O reflexo direto dessa pressão é a adoção crescente da medicina defensiva.
Muitos colegas, inclusive eu, já nos vimos compelidos a solicitar exames e procedimentos desnecessários apenas como forma de proteção jurídica
Em paralelo, há quem esteja desistindo de atuar em áreas mais suscetíveis a litígios, o que compromete o acesso da população a determinados cuidados.
Além disso, o próprio Judiciário sofre com a sobrecarga. Processos que poderiam ser evitados com um diálogo franco acabam consumindo tempo e recursos de todos os envolvidos.
É nesse ponto que o termo de consentimento informado ganha centralidade – não como um protocolo burocrático, mas como expressão do compromisso ético do médico com a clareza.

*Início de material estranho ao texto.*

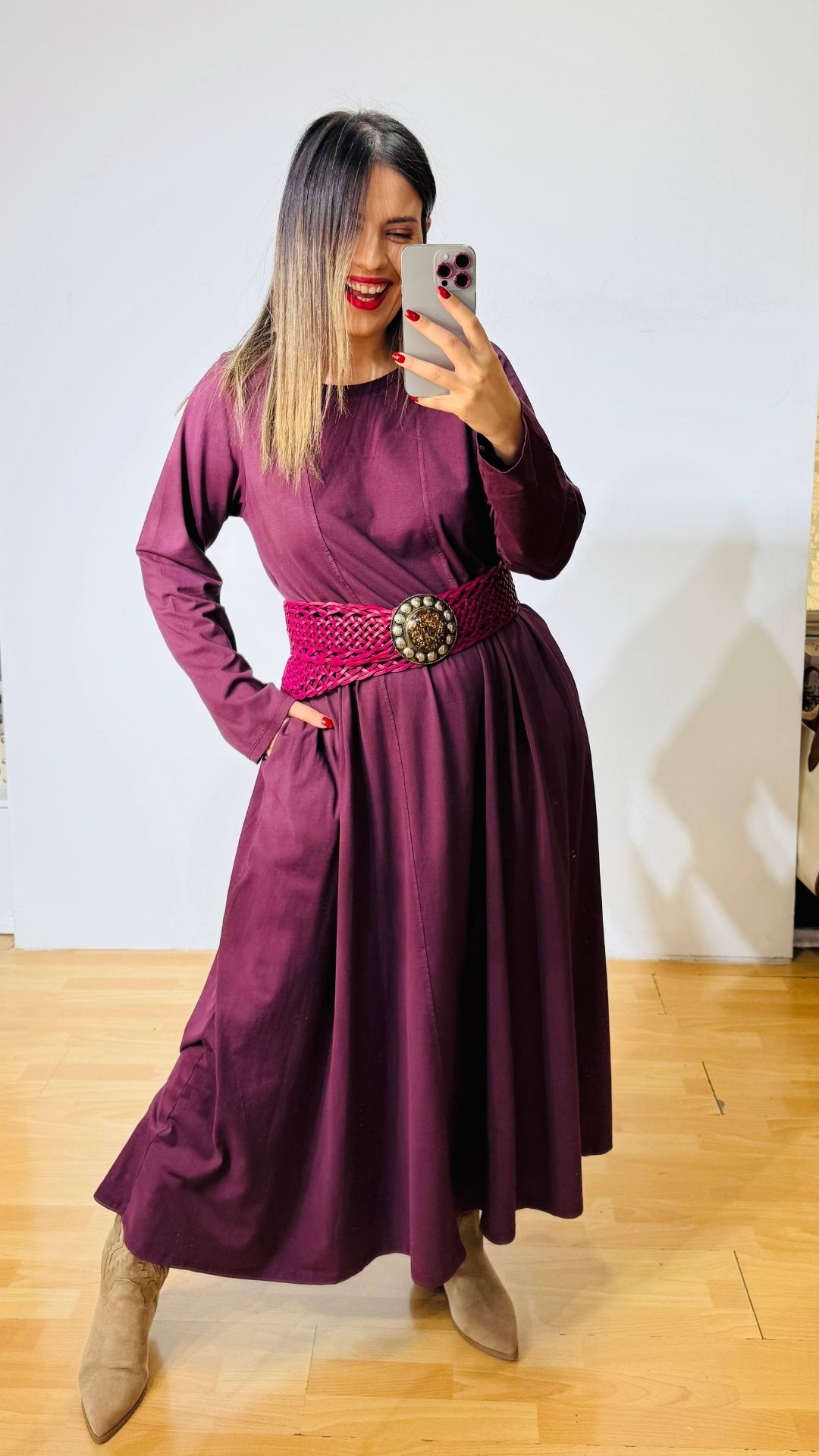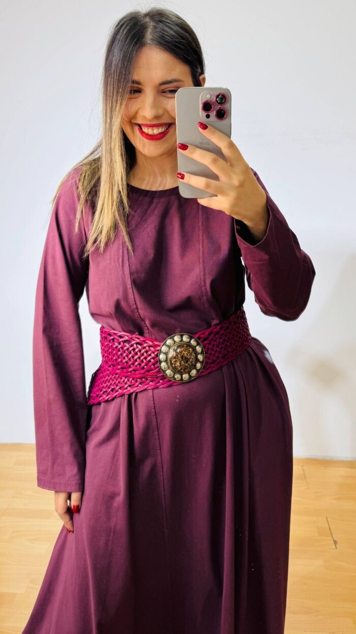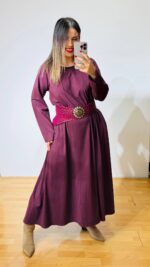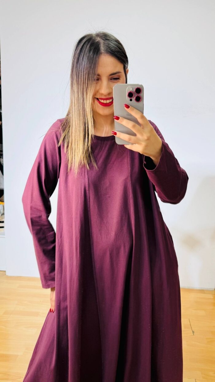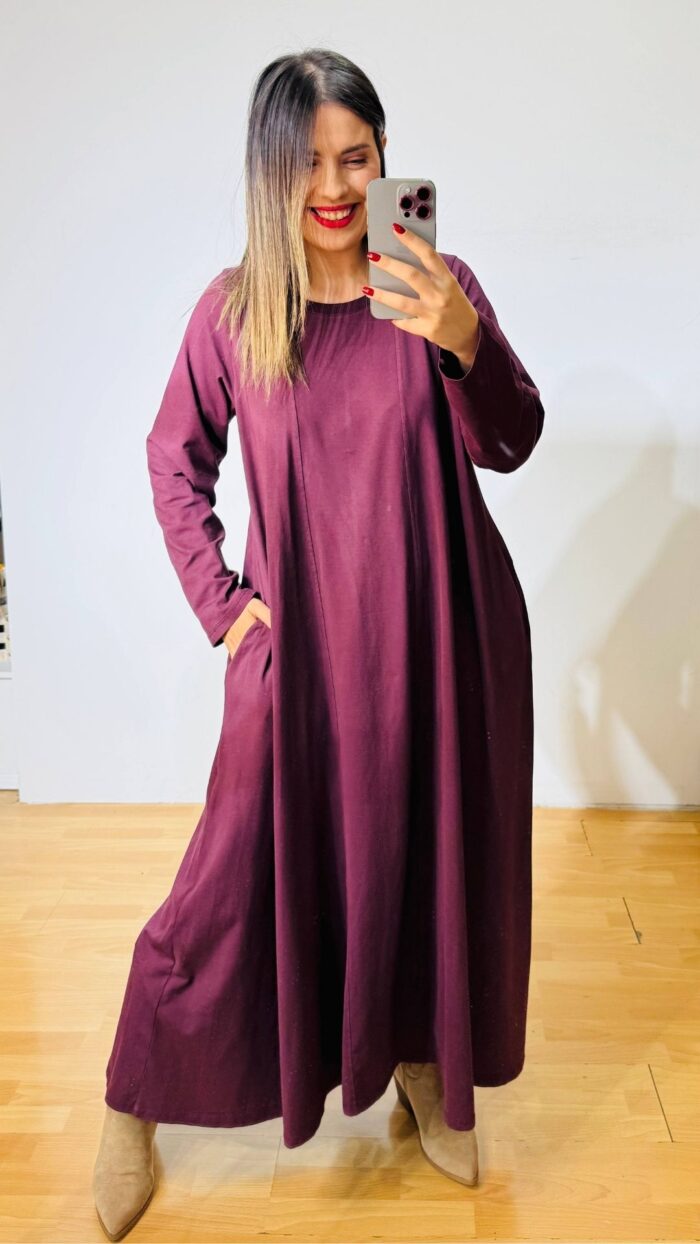 Μακρυ βαμβακερό φόρεμα μωβ – μελιτζανί σε loose αέρινη γραμμή.
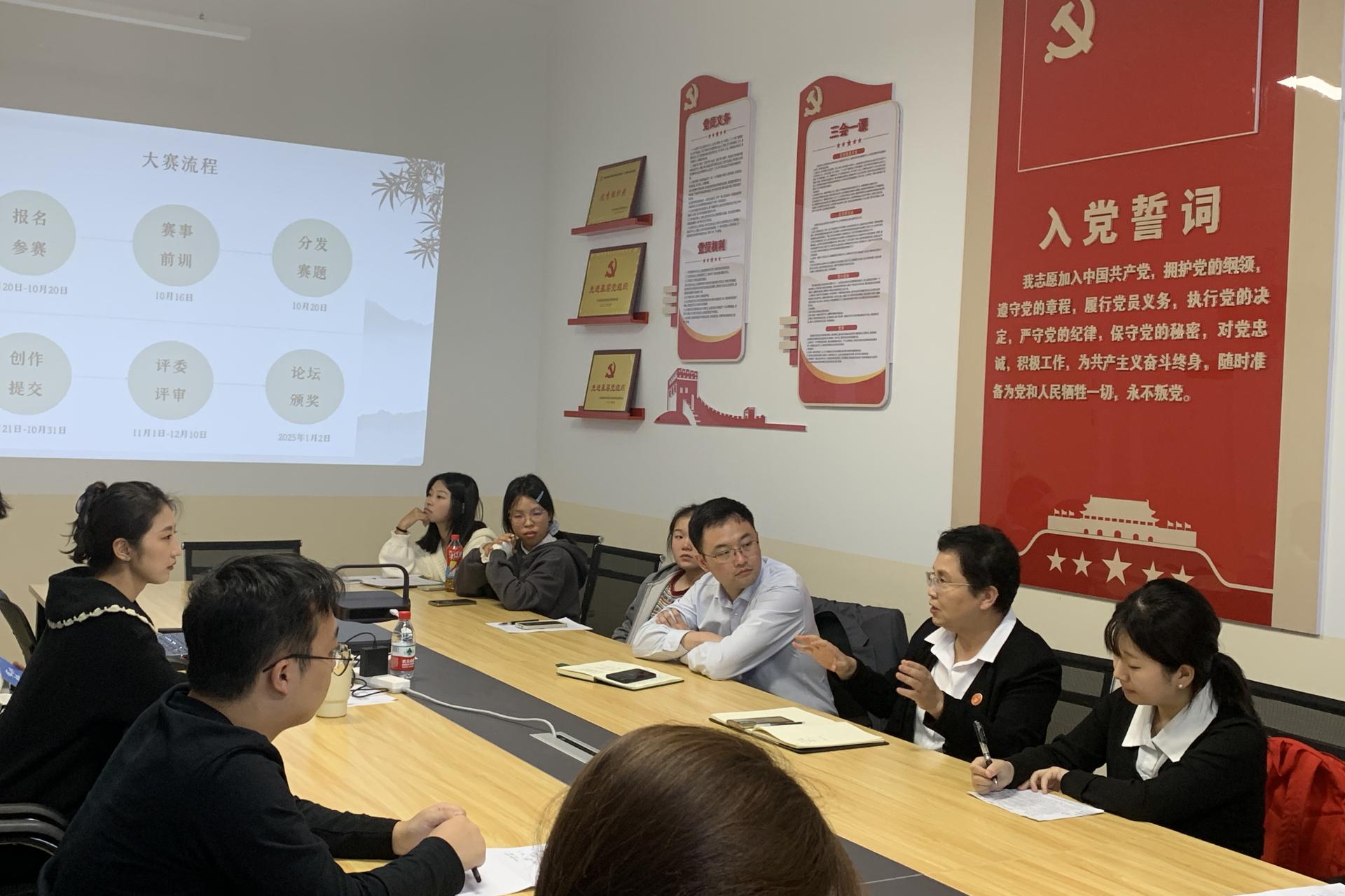 为进一步提高学生们的文化素养与创新思维,10月25日,商学院在F504开展了“我与院长书记面对面”活动(第三期)——第五届“诗译中国”大学生双语文创大赛指导交流会。学院院长周洁、党委书记许奇、团委相关负责老师以及大赛参赛选手参加会议。
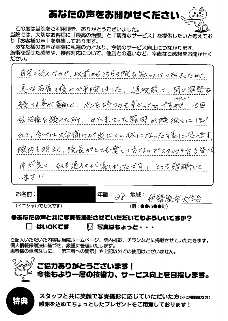 肩が張り、現在ははりきゅうを受けて、肩こりも軽くなりました。
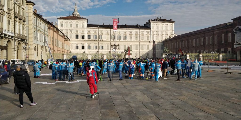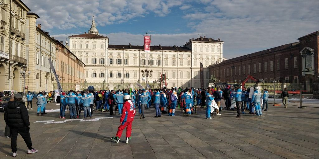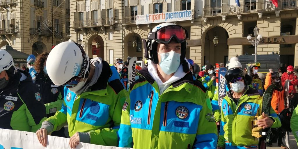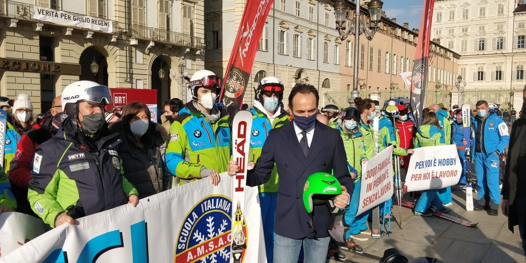 Centinaia di maestri di sci, con abbigliamento tecnico e sci ai piedi, si sono ritrovati stamattina sotto la sede della Regione Piemonte, a Torino, per chiedere la riapertura delle piste e la possibilità di lavorare durante le feste di Natale.
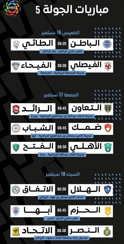 الجولة الخامسة من دوري كأس الأمير محمد بن سلمان للمحترفين التي ستشهد عودة الهلال والنصر بعد فراغهما من المشاركة بدوري أبطال آسيا تفتتح اليوم الخميس بلقاءين هامين يلتقي فيهما الباطن مع الطائي فيما ستكون المواجهة الثانية محتدمة وتجمع الفيصلي بالفيحاء.
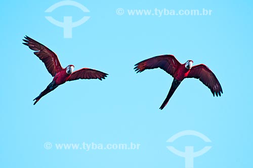 Assunto: Arara-vermelha-grande (Ara chloropterus) voando / Local: Jardim - Mato Grosso do Sul (MS) - Brasil / Data: 10/2010
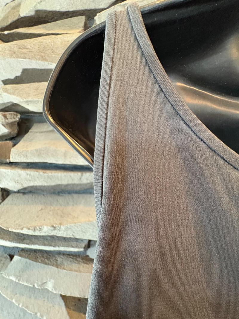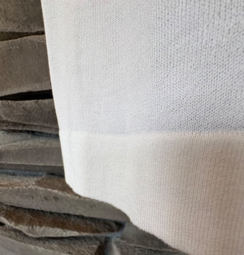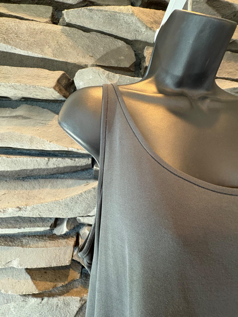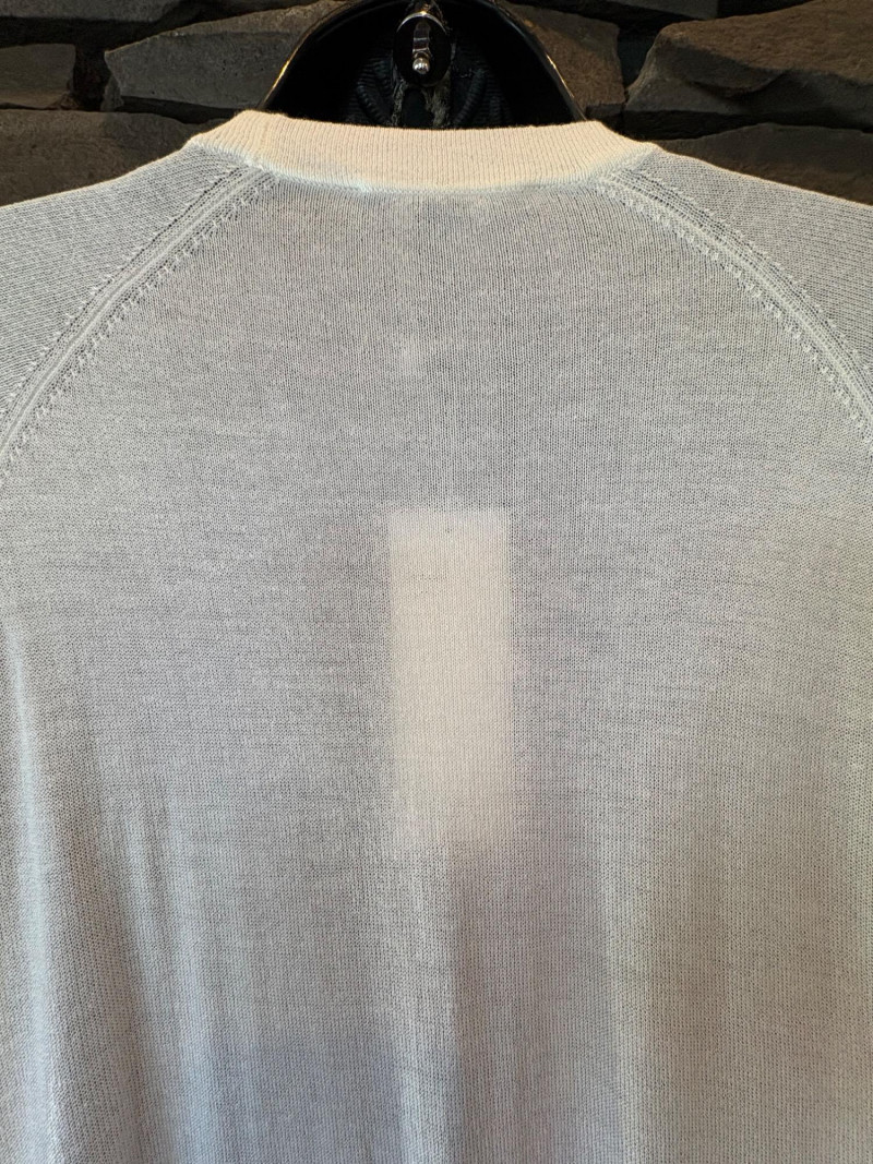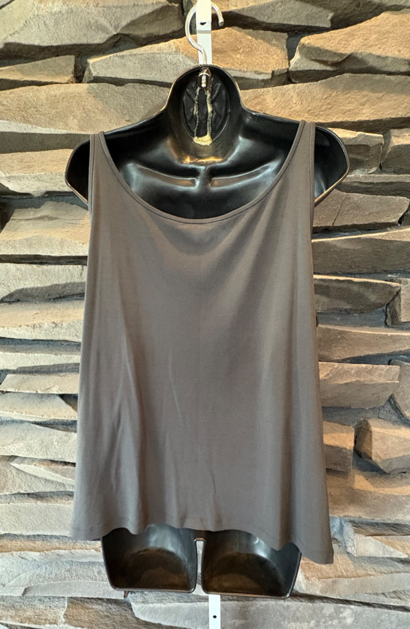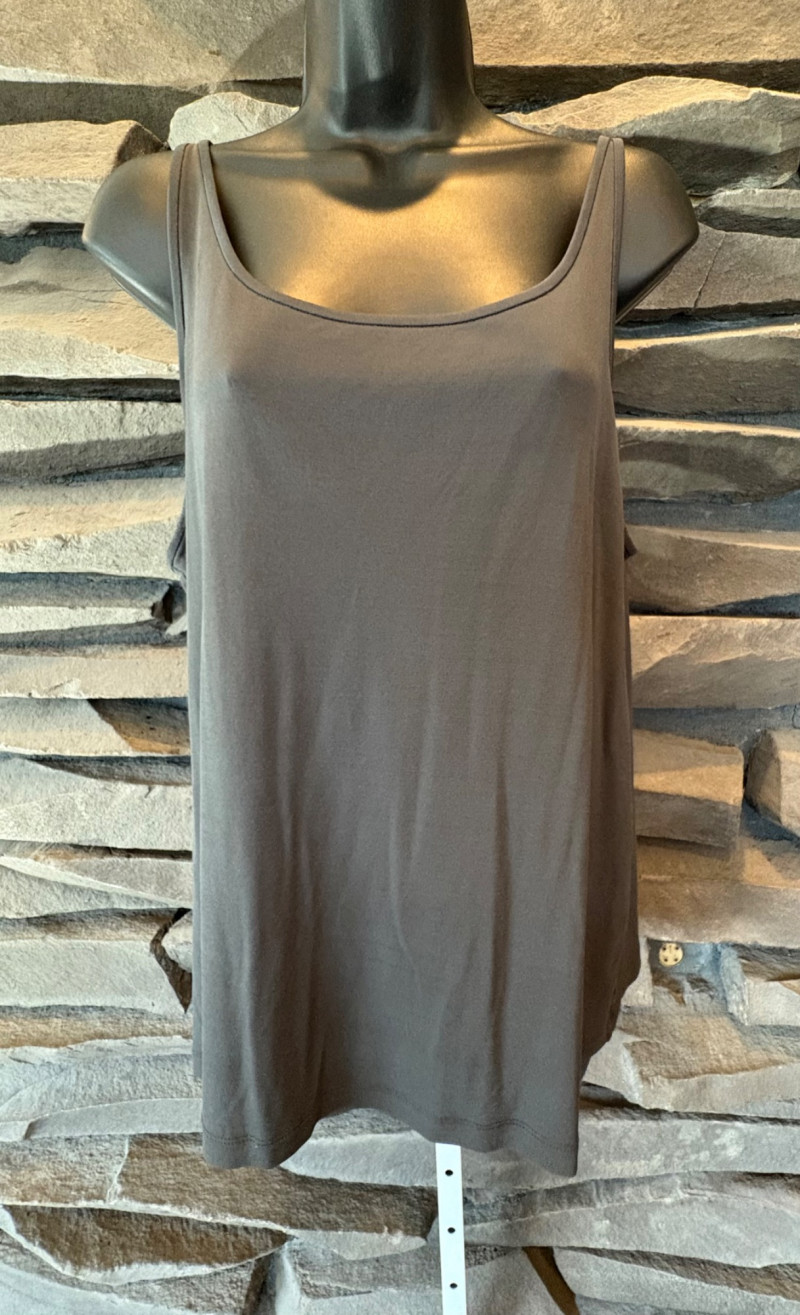 Two terrific neutrals in super lightweight fabric/weave from Eileen Fisher; perfect for those remaining hot days of summer. Grey silk tank has banded armholes and neckline. 100% silk. Measures 20.5" pit to pit. Size tag says XL. Pure white thin sweater duster has raglan sleeves. open front, ribbing at cuffs and hem, and small split hem. New with tag. Tencel Lyocell/nylon blend. Measures 22" pit to pit and 36" from back neckline to hem. Size tags says L. Paired with a white and grey striped scarf with a running thread of gold and fringe on all sides.100% cotton. Measures approx. 25" x 78".

Diante desse cenário, acredito que é urgente construirmos um pacto mais equilibrado entre médicos, pacientes e instituições. A educação em saúde, o fortalecimento da comunicação e a segurança jurídica não são mais objetivos futuros – são necessidades imediatas. Só assim poderemos resgatar a confiança na relação médico-paciente e preservar a essência do nosso ofício: o cuidado.
Armando Lobato, presidente da Sociedade Brasileira de Angiologia e de Cirurgia Vascular (SBACV), doutor pela USP e pós-doutor pelo Arizona Heart Institute.